**Work task**
The whole listing is to be given again without alteration, except that its pictures are dropped.

**Data block**

• • •

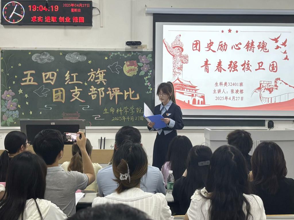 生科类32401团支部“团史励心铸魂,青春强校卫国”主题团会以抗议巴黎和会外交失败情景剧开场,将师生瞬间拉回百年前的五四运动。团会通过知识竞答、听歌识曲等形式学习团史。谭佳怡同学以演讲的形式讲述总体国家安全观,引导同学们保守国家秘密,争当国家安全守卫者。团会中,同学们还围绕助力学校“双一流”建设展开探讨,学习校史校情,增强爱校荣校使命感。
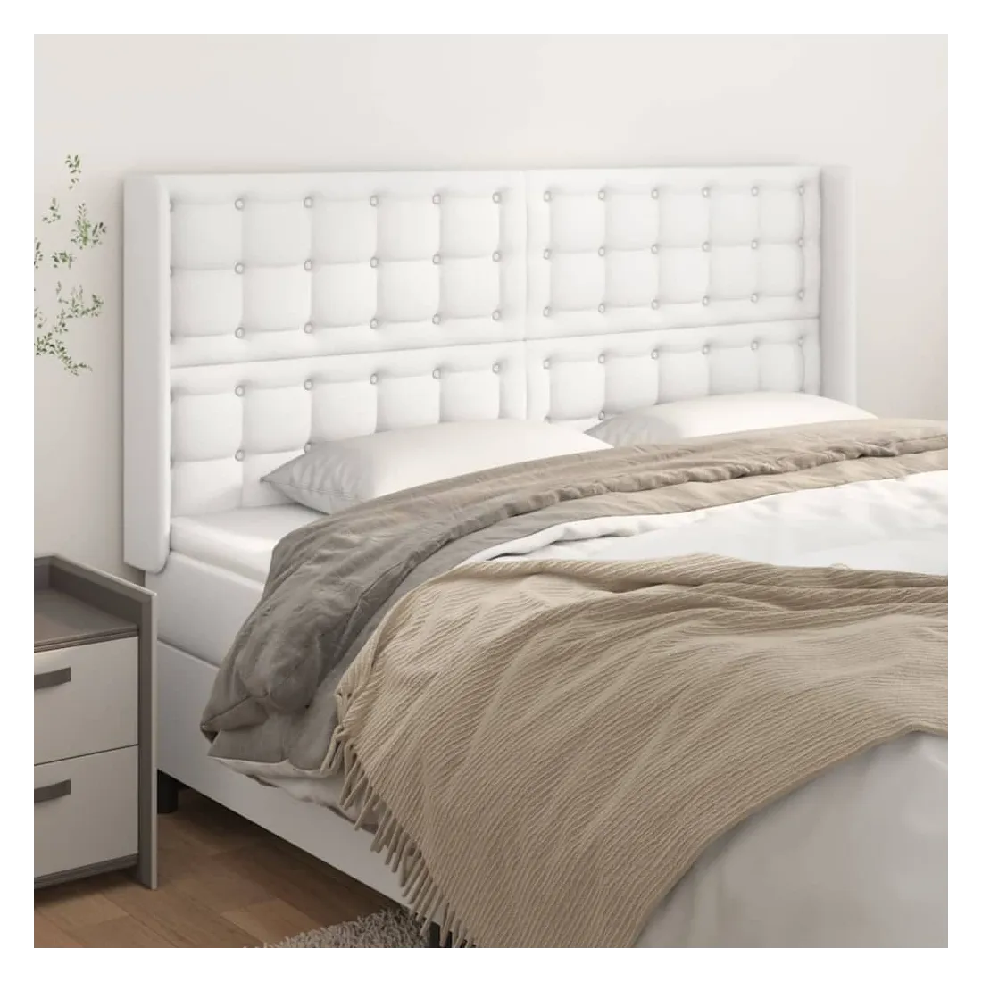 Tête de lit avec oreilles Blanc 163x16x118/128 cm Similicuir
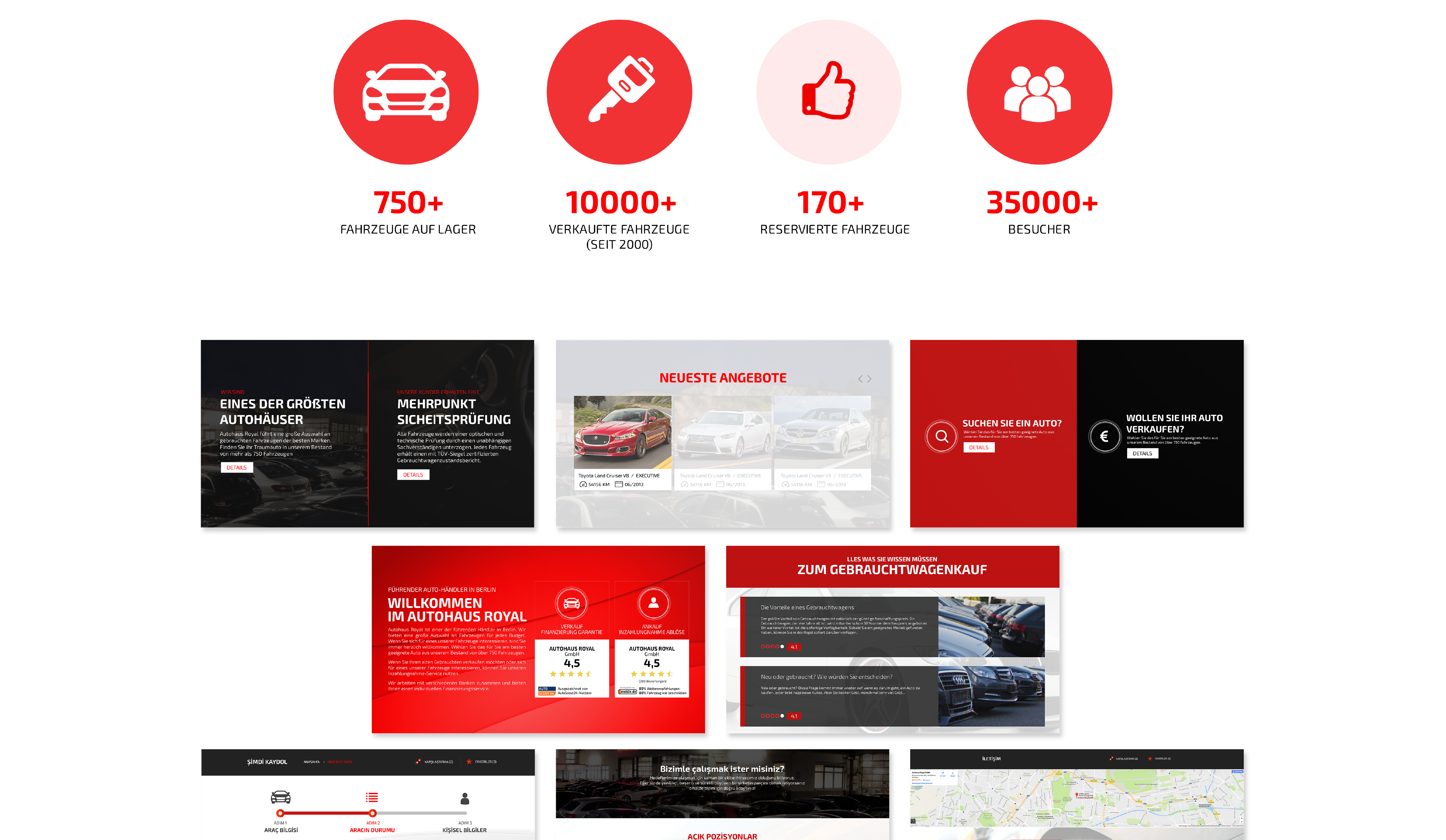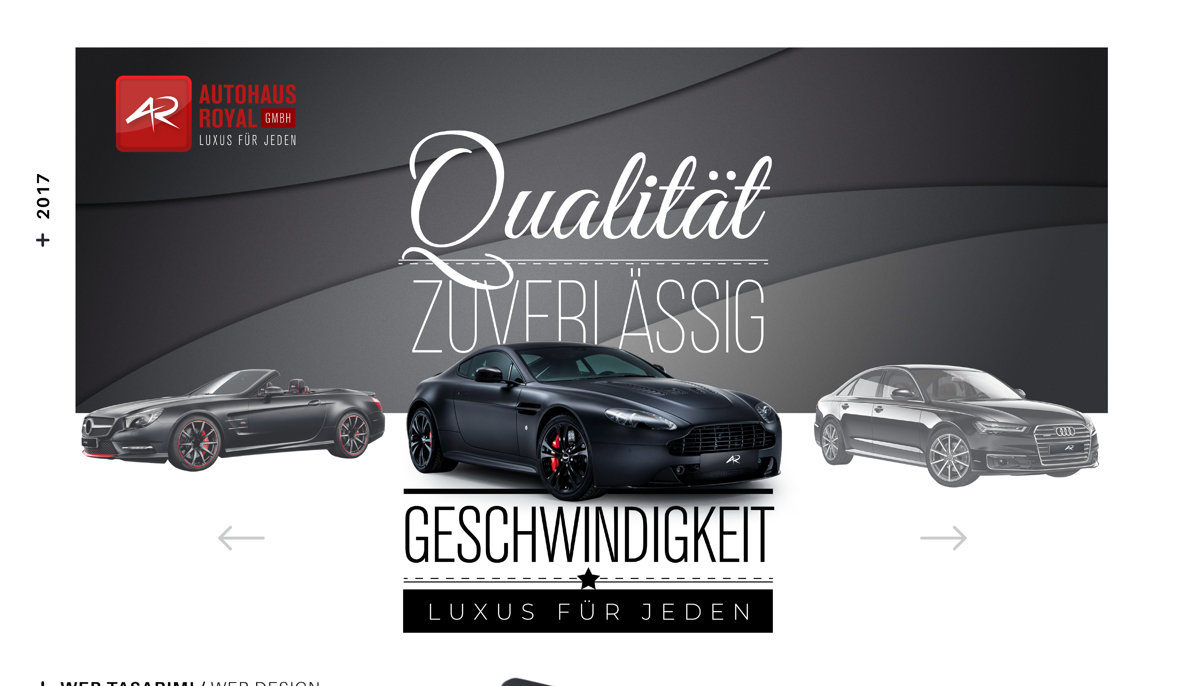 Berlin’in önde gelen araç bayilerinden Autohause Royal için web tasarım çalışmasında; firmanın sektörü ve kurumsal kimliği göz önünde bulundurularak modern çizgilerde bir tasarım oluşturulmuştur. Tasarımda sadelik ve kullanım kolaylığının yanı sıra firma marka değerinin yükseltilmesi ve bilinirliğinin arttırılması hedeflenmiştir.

• • •

**Response to the task**
 生科类32401团支部“团史励心铸魂,青春强校卫国”主题团会以抗议巴黎和会外交失败情景剧开场,将师生瞬间拉回百年前的五四运动。团会通过知识竞答、听歌识曲等形式学习团史。谭佳怡同学以演讲的形式讲述总体国家安全观,引导同学们保守国家秘密,争当国家安全守卫者。团会中,同学们还围绕助力学校“双一流”建设展开探讨,学习校史校情,增强爱校荣校使命感。
 Tête de lit avec oreilles Blanc 163x16x118/128 cm Similicuir
 Berlin’in önde gelen araç bayilerinden Autohause Royal için web tasarım çalışmasında; firmanın sektörü ve kurumsal kimliği göz önünde bulundurularak modern çizgilerde bir tasarım oluşturulmuştur. Tasarımda sadelik ve kullanım kolaylığının yanı sıra firma marka değerinin yükseltilmesi ve bilinirliğinin arttırılması hedeflenmiştir.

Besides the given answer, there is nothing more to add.